Thank you all for the info . That is great about the wormer because i just wormed him with a wormer that had ivermectin (sp?) in it. So I'm hoping that will help. Also can dogs get lice from a horse. My dog is around him but i don't think they have ever touched .. The product that your friend got was called switch??? again thanks to everyone ... :lol:


----------



## WildFeathers

eeeeeehhh, I started itching and tingling just when I read the title. One of our ponies got lice/mites/whatever, and it was a nightmare (no so much the getting rid of them, just him having them at all). I couldn't hardly walk past him without them getting on me, my mom and sister didn't have a problem, they could lead him and pet him and treat him. I have _realllyy_ long hair, and I am fine with bugs and spiders and stuff, but I _HATE_ lice-type things, and would get on me so fast. Ugh, I'm glad that's over.

Sorry, not very helpful, just reminiscing .


----------



## Ryle

The get lice from other infected horses or infected items like blankets, brushes, etc. 

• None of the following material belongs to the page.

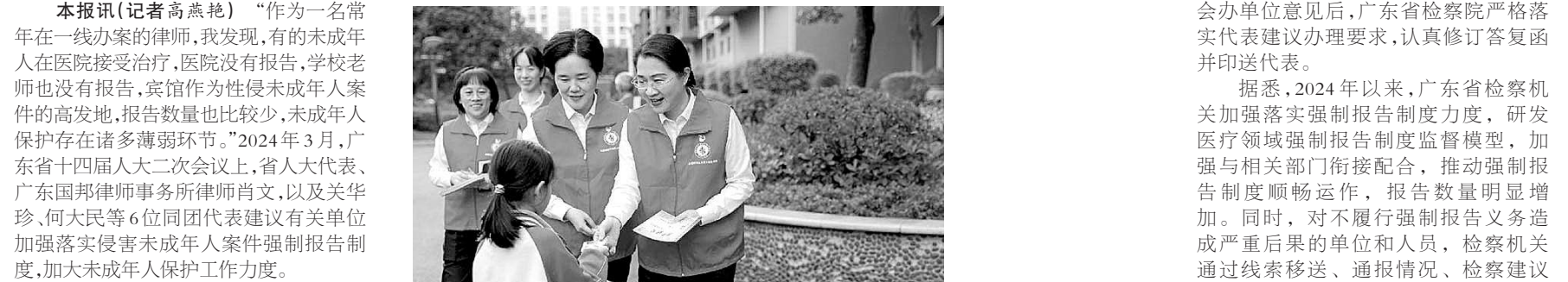
广东省东莞市第三市区检察院未检检察官深入社区派发法治宣传手册。

To treat lice you have to use an appropriate product (powder, shampoo, etc) once every 10 days for 3 treatments. And you need to also treat all blankets, brushes, halters, etc that could serve as a source of reinfection.


----------



## babyruth1984

A good way to find out if the wormer you used could kill the lice is to go back to the feed store and just look at the box. If not just ask the people who work there if they have the powder.

My head is itching just thinking about it. I use to get lice alot growing up and the shampoos worked pretty well. I don't know if you can use them on horses, you can ask your vet though. Just be certain to wash any type of bedding and to clean out the bedding. Goodluck!


----------



## NorthernMama

Yup, you're gonna have to clean EVERYTHING for sure. A thought -- why not groom with a bit of veg oil on your brushes? Lice love clean hair because they can stick to it. They don't like greasy, oily hair because they have a harder time to lay their eggs successfully. 

Vinegar / oil shampoo mix works for people, cats and dogs... probably horses too. Put it on all over, let stand for 20 minutes (I think) and brush. Repeat daily? Maybe someone else has heard of this.


----------



## ohhellneely

Yup, just keep up with the treatments and do them for awhile so that you know that you have gotten all of them when the eggs hatch, etc.

If you turn your horse out with another horse, you might want to go ahead and treat him too, just so you know that you are stopping the spread.


----------



## babyruth1984

northernmama said:


> Yup, you're gonna have to clean EVERYTHING for sure. A thought -- why not groom with a bit of veg oil on your brushes? Lice love clean hair because they can stick to it. They don't like greasy, oily hair because they have a harder time to lay their eggs successfully.
> 
> Vinegar / oil shampoo mix works for people, cats and dogs... probably horses too. Put it on all over, let stand for 20 minutes (I think) and brush. Repeat daily? Maybe someone else has heard of this.


 
Tee tree oil would probably help keep them off, and it's really good for the hair and skin.


----------



## G and K's Mom

meggymoo said:


> You can also buy some wormers that have "ivermectin" in these have a useful side action of killing lice.
> Check with your vet first though, before using the wormer.


Stongid C works better. We just had a talk with our vet about this regarding a resuce pony.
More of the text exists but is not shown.